TASK BRIEF:
Within the lines below, the span from the line with "圖表:我國各地區(qū)燒堿" to the line with "4、完成关卡后,点击车辆图标返回车库,挑战更高难度的关卡。", both ends included, is to be reproduced exactly, with pictures omitted.

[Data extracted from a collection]
BEGIN

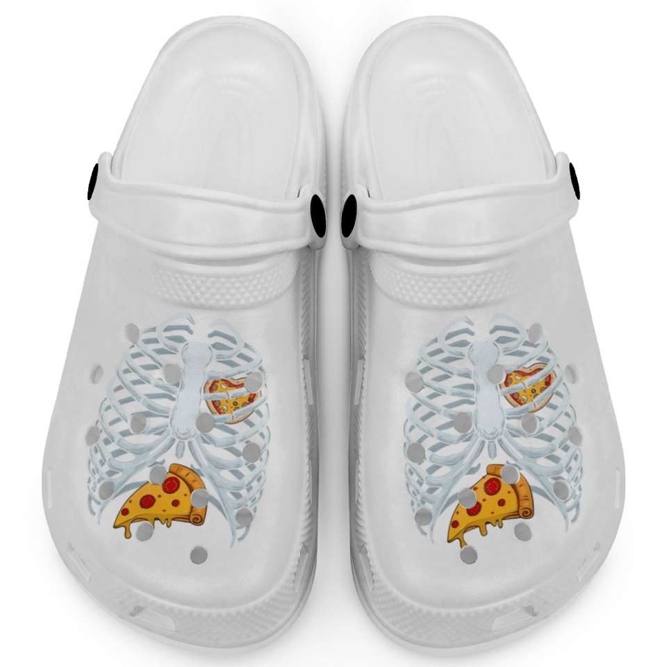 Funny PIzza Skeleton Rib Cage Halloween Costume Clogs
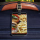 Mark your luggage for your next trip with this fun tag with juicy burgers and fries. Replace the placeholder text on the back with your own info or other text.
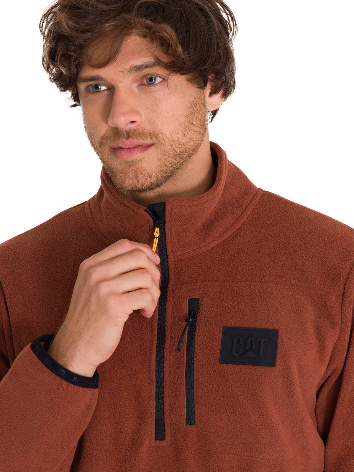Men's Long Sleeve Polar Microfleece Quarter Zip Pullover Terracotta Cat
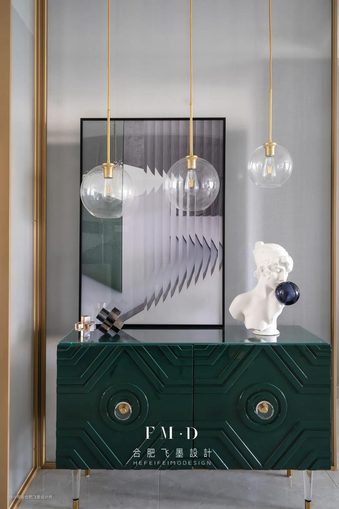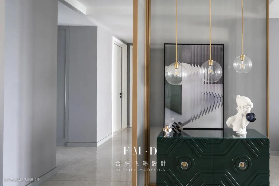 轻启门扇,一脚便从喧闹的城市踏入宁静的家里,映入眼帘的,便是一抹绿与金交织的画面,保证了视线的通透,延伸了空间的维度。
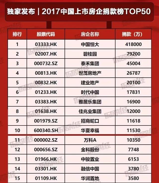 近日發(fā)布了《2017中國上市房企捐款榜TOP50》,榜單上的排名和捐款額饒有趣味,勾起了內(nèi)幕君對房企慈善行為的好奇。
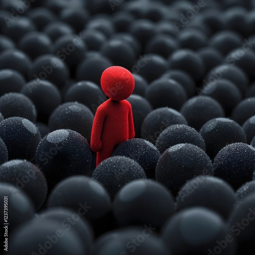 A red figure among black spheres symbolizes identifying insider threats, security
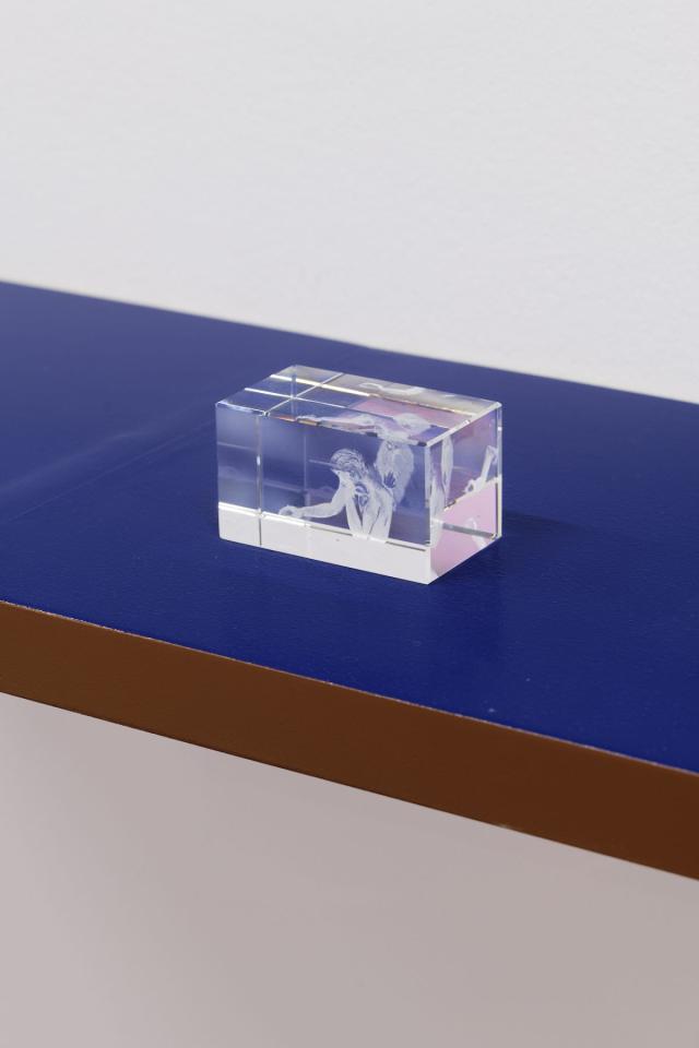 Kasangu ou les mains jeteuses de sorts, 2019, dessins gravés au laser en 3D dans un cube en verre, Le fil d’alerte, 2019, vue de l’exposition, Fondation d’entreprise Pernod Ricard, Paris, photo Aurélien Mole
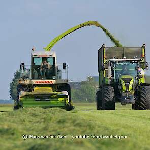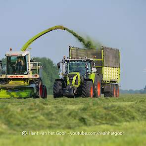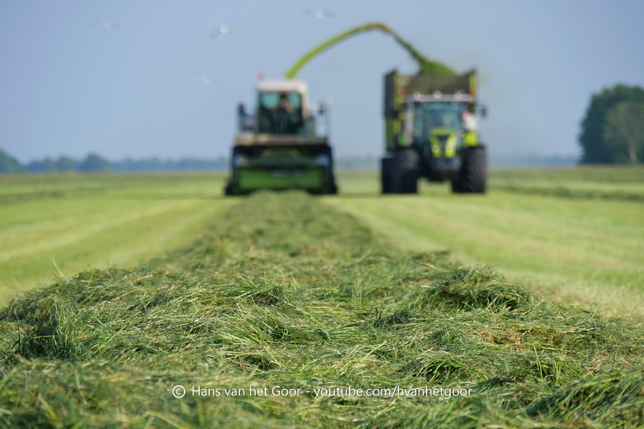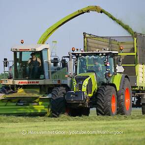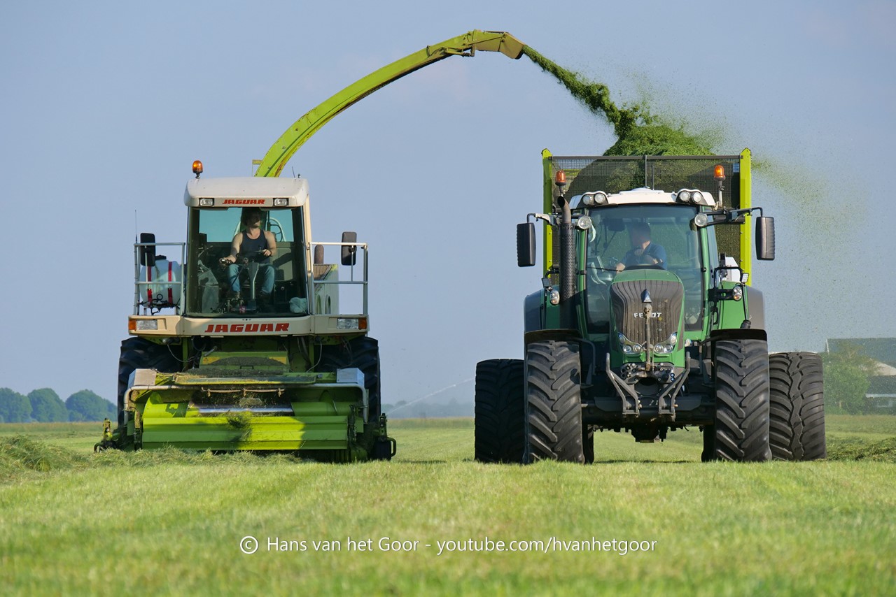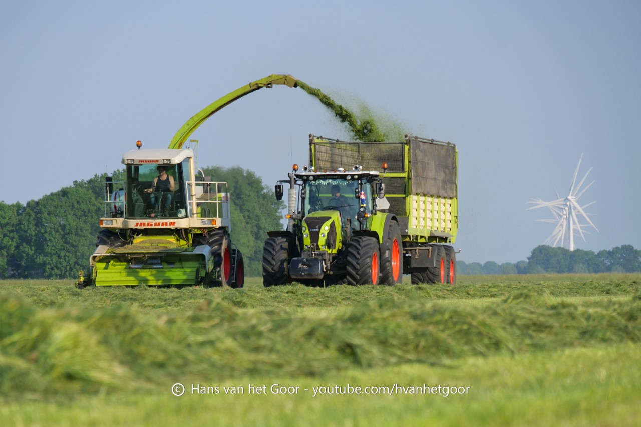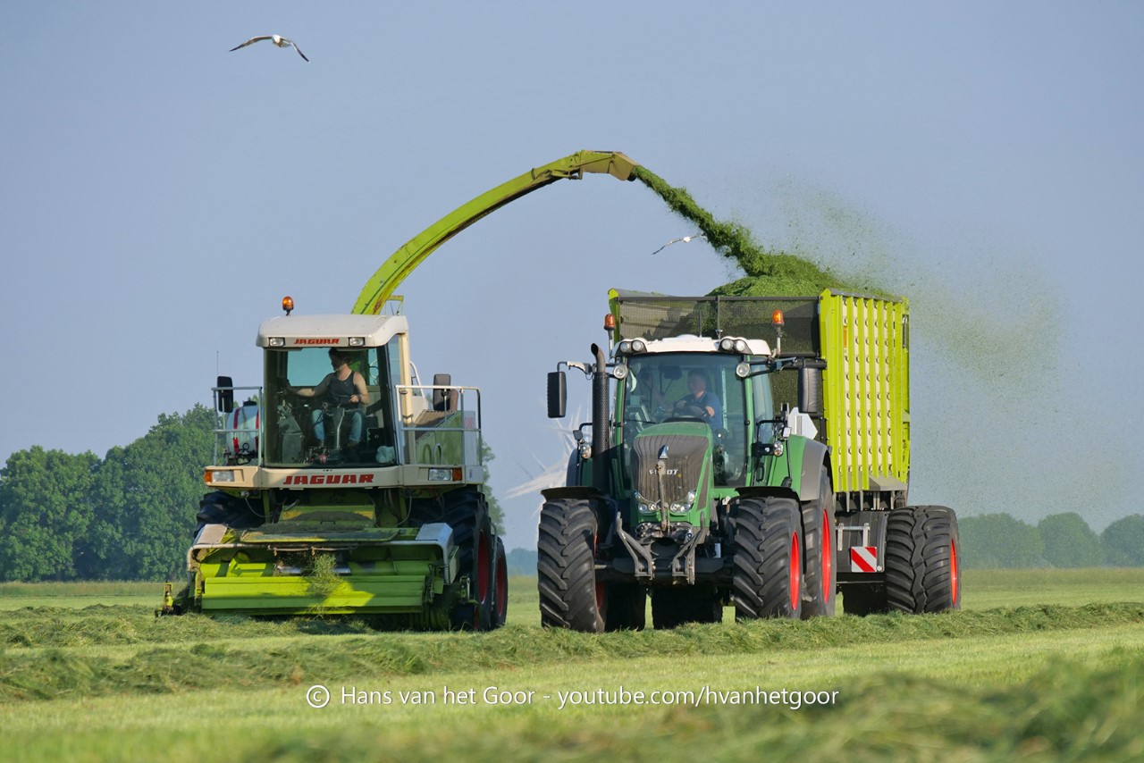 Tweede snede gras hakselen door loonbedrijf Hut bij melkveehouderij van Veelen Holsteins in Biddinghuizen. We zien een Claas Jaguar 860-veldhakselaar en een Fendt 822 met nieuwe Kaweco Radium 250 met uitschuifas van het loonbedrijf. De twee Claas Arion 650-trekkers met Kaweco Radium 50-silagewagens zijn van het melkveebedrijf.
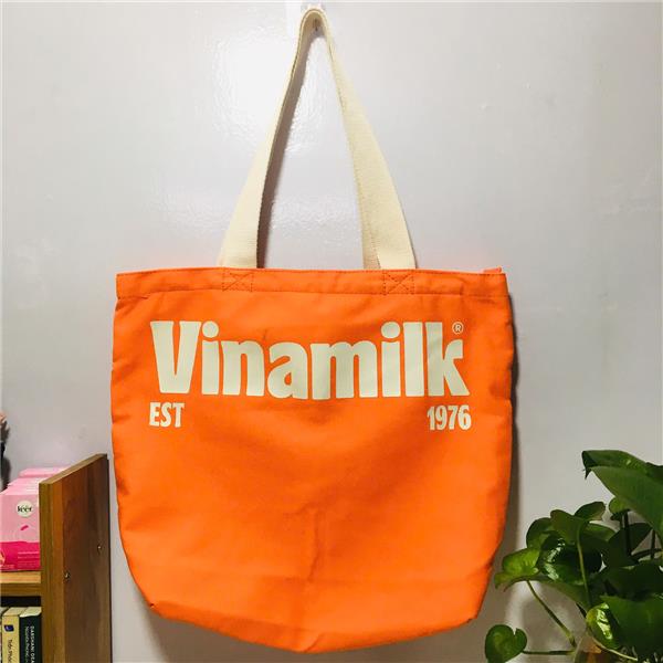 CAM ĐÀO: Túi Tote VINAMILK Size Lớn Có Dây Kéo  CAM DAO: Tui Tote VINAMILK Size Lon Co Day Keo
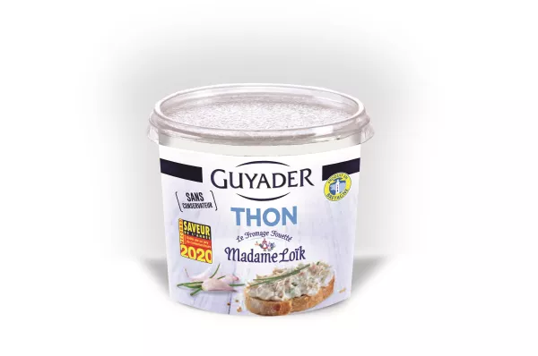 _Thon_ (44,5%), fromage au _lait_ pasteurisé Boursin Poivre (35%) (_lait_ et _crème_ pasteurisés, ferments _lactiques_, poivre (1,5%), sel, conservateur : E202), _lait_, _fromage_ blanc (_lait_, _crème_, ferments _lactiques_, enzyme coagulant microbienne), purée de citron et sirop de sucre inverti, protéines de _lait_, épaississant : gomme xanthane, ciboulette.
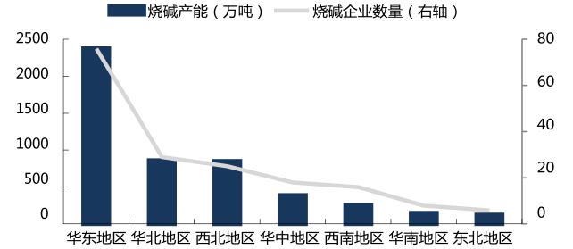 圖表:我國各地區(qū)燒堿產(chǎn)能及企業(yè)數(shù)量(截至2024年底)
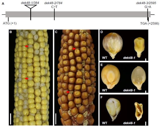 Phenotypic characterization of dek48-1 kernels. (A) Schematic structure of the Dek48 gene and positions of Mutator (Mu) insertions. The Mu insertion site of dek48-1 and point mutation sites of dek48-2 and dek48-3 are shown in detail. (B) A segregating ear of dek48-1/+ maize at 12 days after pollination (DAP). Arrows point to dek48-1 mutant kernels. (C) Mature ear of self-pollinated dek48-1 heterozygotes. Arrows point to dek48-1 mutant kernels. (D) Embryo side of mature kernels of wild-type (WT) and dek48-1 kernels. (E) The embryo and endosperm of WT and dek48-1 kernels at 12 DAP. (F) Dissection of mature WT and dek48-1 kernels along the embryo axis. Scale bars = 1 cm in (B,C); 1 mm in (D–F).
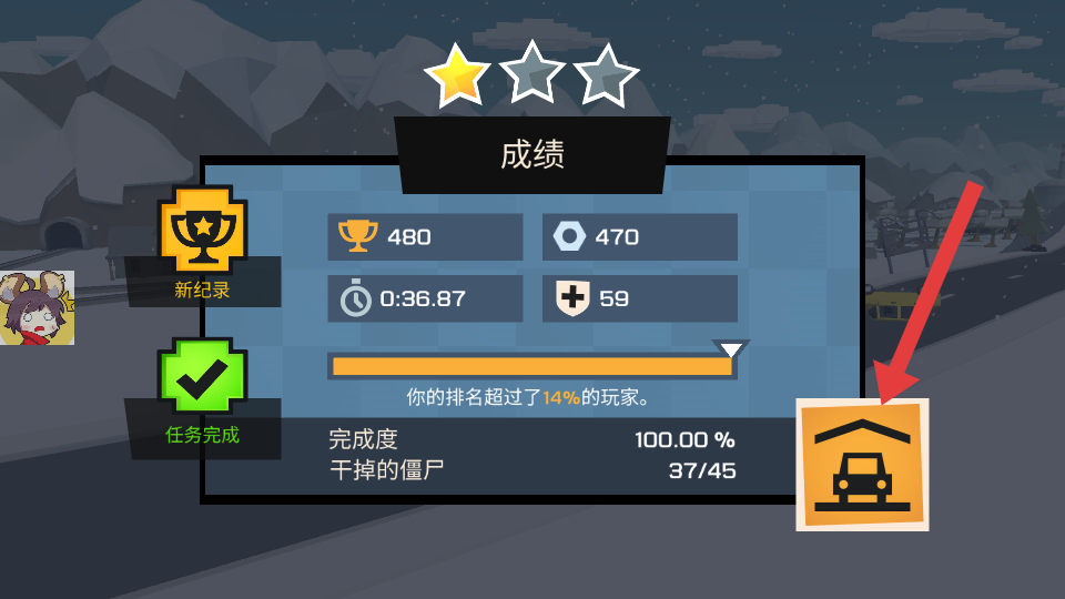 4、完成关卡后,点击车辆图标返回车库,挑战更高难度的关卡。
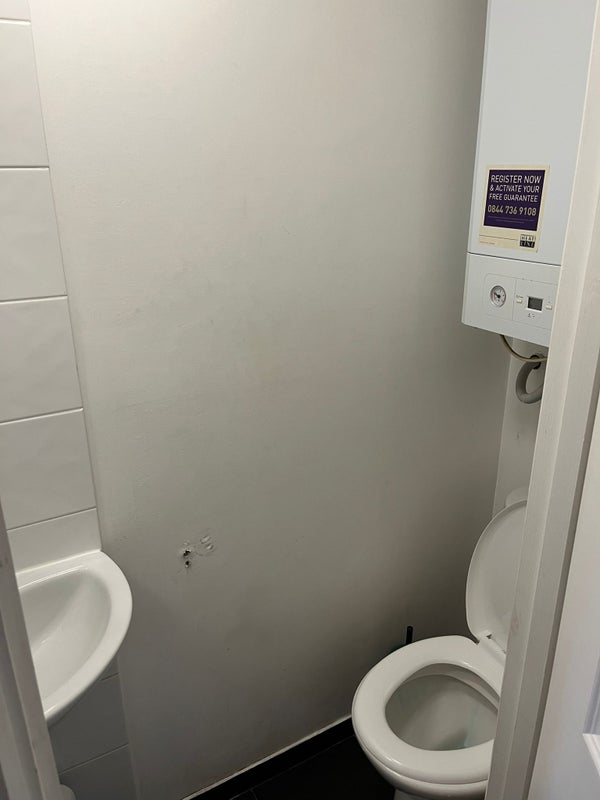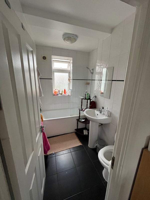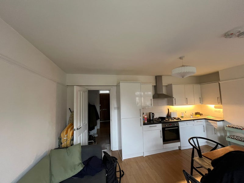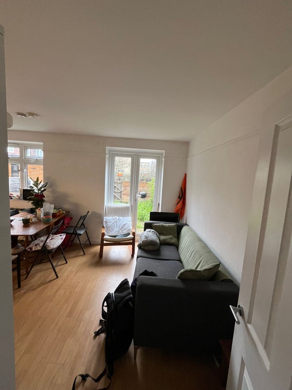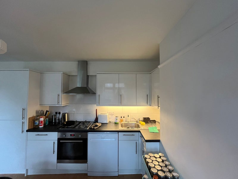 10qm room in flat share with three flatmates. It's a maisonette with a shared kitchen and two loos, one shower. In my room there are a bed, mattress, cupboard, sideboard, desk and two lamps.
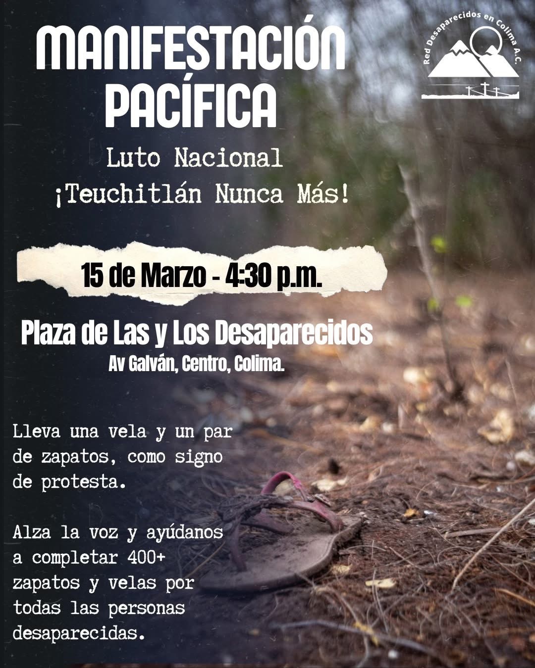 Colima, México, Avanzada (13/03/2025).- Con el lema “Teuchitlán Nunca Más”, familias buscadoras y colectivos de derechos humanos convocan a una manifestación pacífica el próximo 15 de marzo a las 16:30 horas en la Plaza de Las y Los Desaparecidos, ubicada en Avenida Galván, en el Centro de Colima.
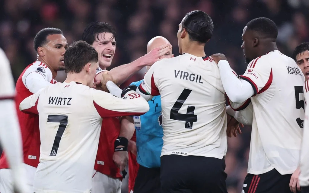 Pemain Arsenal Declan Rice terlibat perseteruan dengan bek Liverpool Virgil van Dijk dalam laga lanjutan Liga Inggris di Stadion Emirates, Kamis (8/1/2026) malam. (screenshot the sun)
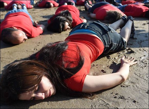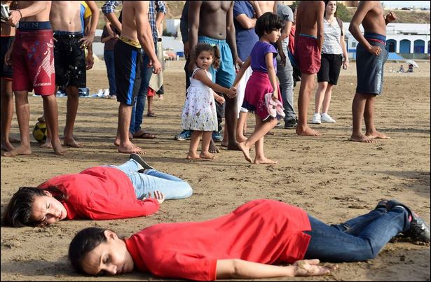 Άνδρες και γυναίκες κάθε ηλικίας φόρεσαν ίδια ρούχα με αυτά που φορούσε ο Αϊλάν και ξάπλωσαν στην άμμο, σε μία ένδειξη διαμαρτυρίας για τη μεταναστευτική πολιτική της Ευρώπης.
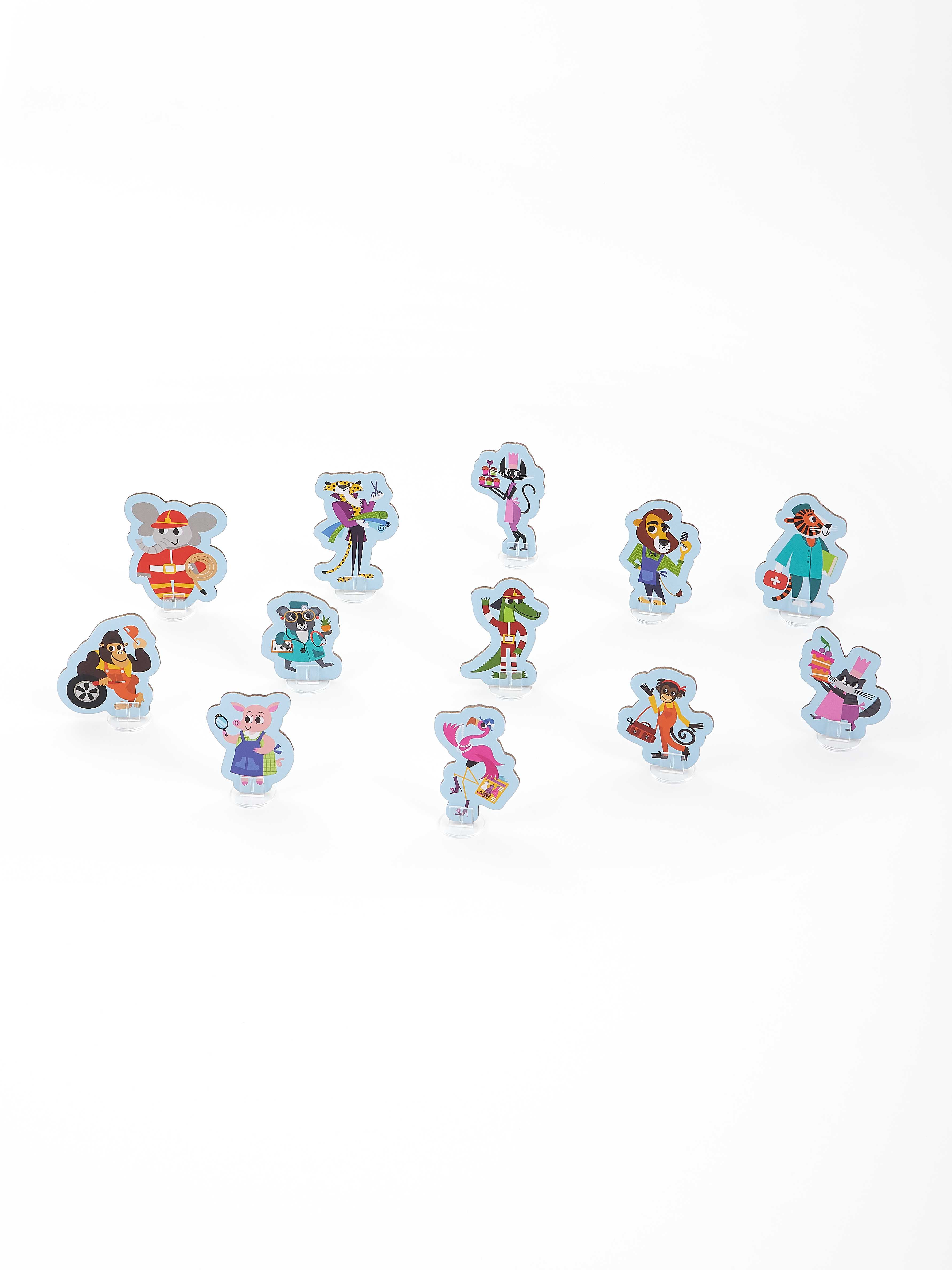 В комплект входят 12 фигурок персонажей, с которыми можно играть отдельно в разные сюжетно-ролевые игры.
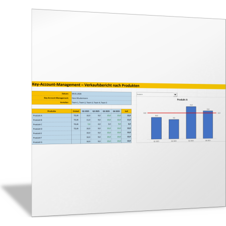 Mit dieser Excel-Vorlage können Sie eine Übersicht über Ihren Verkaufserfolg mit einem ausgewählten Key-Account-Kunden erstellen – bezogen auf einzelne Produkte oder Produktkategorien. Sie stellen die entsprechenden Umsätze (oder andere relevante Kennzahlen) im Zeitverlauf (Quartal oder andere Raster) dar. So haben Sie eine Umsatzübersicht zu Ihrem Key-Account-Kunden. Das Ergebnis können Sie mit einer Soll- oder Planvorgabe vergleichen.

END

EXERCISE OUTPUT:
 圖表:我國各地區(qū)燒堿產(chǎn)能及企業(yè)數(shù)量(截至2024年底)
 Phenotypic characterization of dek48-1 kernels. (A) Schematic structure of the Dek48 gene and positions of Mutator (Mu) insertions. The Mu insertion site of dek48-1 and point mutation sites of dek48-2 and dek48-3 are shown in detail. (B) A segregating ear of dek48-1/+ maize at 12 days after pollination (DAP). Arrows point to dek48-1 mutant kernels. (C) Mature ear of self-pollinated dek48-1 heterozygotes. Arrows point to dek48-1 mutant kernels. (D) Embryo side of mature kernels of wild-type (WT) and dek48-1 kernels. (E) The embryo and endosperm of WT and dek48-1 kernels at 12 DAP. (F) Dissection of mature WT and dek48-1 kernels along the embryo axis. Scale bars = 1 cm in (B,C); 1 mm in (D–F).
 4、完成关卡后,点击车辆图标返回车库,挑战更高难度的关卡。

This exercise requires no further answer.